• [Data segment]
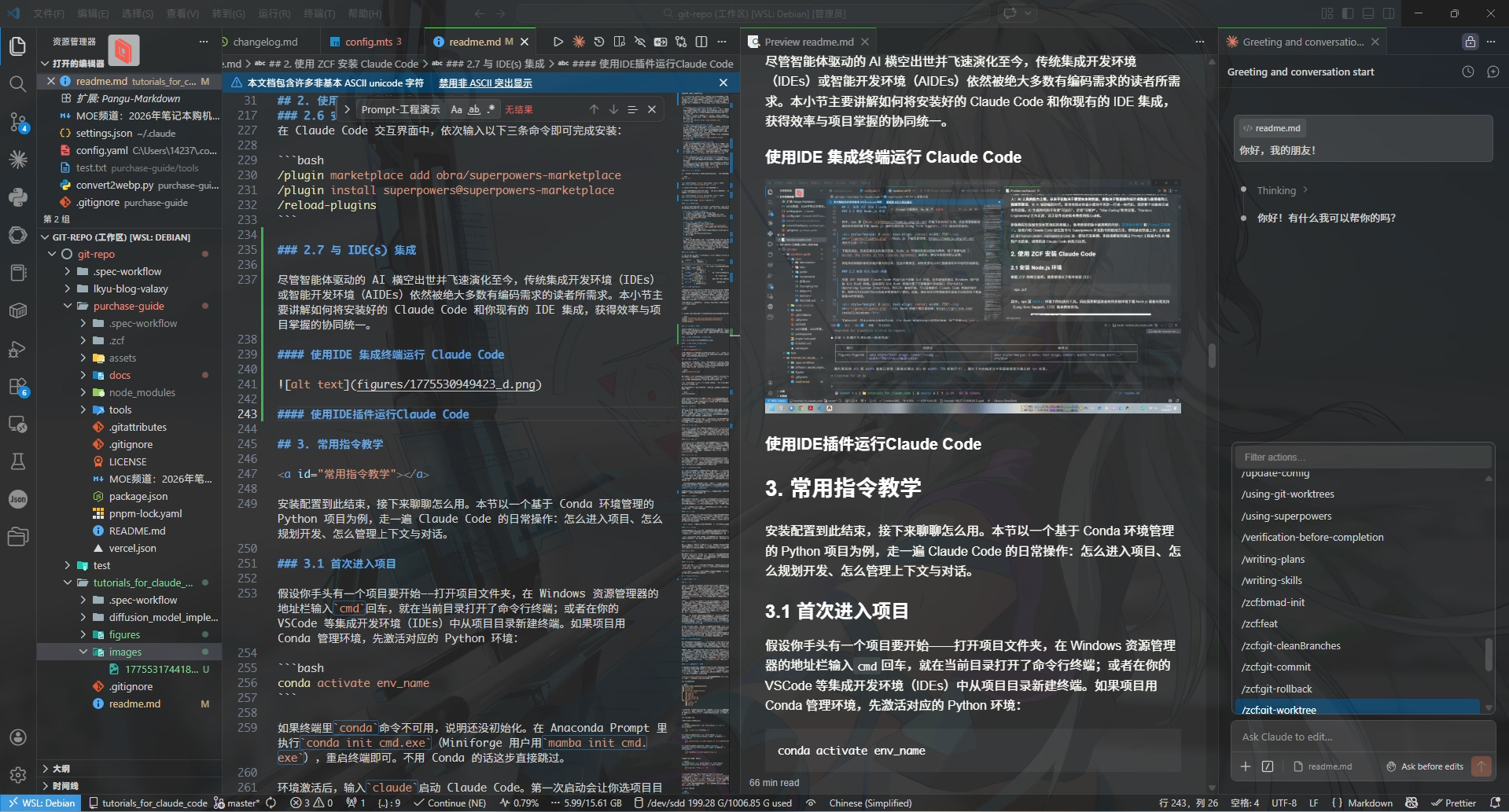 新版教程在保留安装配置流程的基础上,新增两章初版中被忽略的内容:常用指令教学和Prompt 工程演示。前者介绍Claude Code原生指令与Superpowers补充指令的使用方法,帮助读者快速上手;后者通过diffusion_model_implementations这一模块开发案例,系统讲解如何通过Prompt工程最大化AI编程产出质量,进而拓展Claude Code的能力边界。
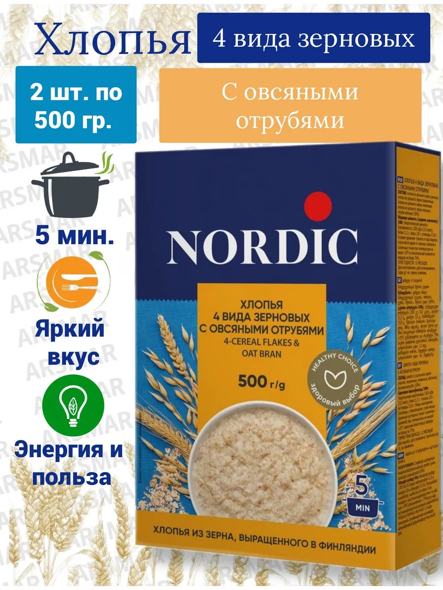 Nordic Овсяные хлопья 4 вида зерновых с овсяными отрубями 2ш по500г
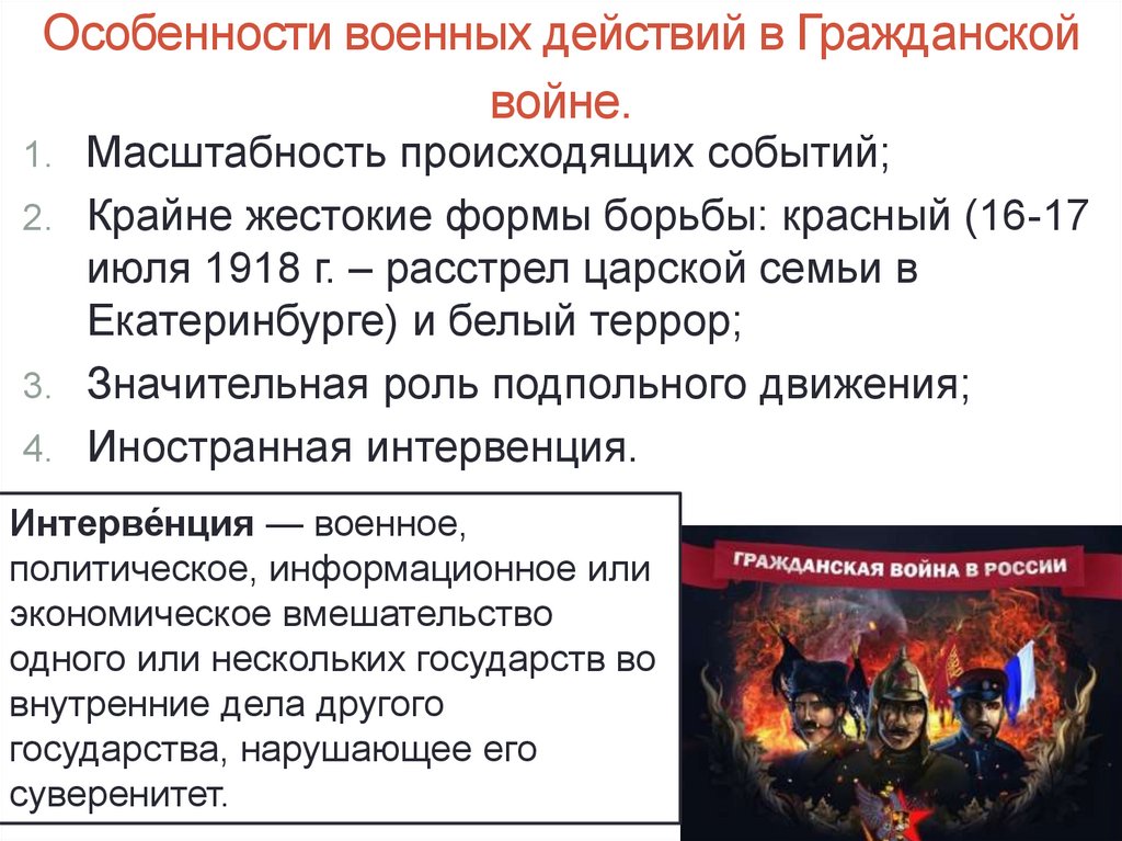 Особенности военных действий в Гражданскойвойне.

• [What is required]
What is needed here is an exact transcript of the data above, pictures excluded.

• [Result]
 新版教程在保留安装配置流程的基础上,新增两章初版中被忽略的内容:常用指令教学和Prompt 工程演示。前者介绍Claude Code原生指令与Superpowers补充指令的使用方法,帮助读者快速上手;后者通过diffusion_model_implementations这一模块开发案例,系统讲解如何通过Prompt工程最大化AI编程产出质量,进而拓展Claude Code的能力边界。
 Nordic Овсяные хлопья 4 вида зерновых с овсяными отрубями 2ш по500г
 Особенности военных действий в Гражданскойвойне.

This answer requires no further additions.